Oyunu kurallarına göre oynamak bir saygıyı gerektirir ve bu saygınlık da yitirildiğinde oyun oynanamaz hâle gelir; oyun oynayamayan bir toplumun hikâyesindeki ‘kardeşlik’ duygusu da yara alır. Demem o ki, geçen günkü maç yakışmadı, olmadı. Oyuncakların yanında fena hâlde sırıttı.

Zaten oyunda kazanmak, birinci olmak, ötekinden daha üstün olduğunu kanıtlamak değil ki mesele. Mesele birlikte bir hazzı paylaşmak. O da öfkenin dişleri arasında öğütüldü gitti. Yazık oldu.
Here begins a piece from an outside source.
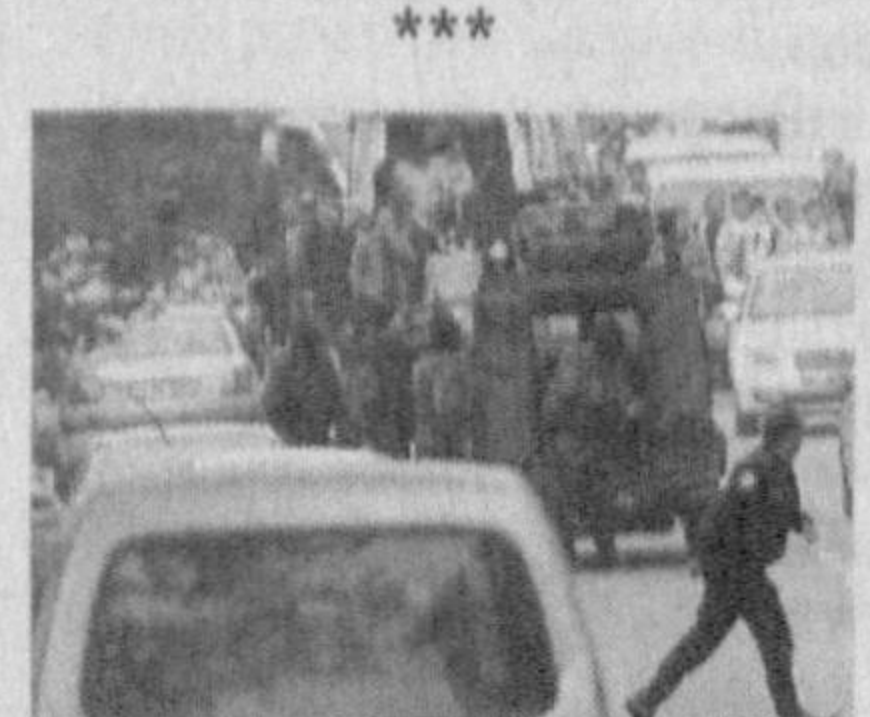
На западе Турции в ку-

пунктам обвинения, включая материальную поддержку терроризма и ведение войны против США. Ему грозит до 70 лет заключения. Остальные приговорены к срокам лишения свободы от 30 до 50 лет.

Metin And, Platon’un ‘Yasalar’ adlı kitabından bir alıntı yapar: “Oynar gibi yaşamalı; oyunlar oynamalı, şarkı söylemeli, dans etmeli, böylece Tanrıların gönlü alınmış olur ve insan kendini düşmanlarına karşı savunur, yarışma kazanır.” 

Yarın 8 Mart Dünya Emekçi Kadınlar günü hepimiz için kutlu olsun… 

Kadınların, eşit ve adil bir dünyada, barış içinde ve özgürce şarkı söyleyip, dans edecekleri ve coşkuyla kutlayacakları günler yakındır.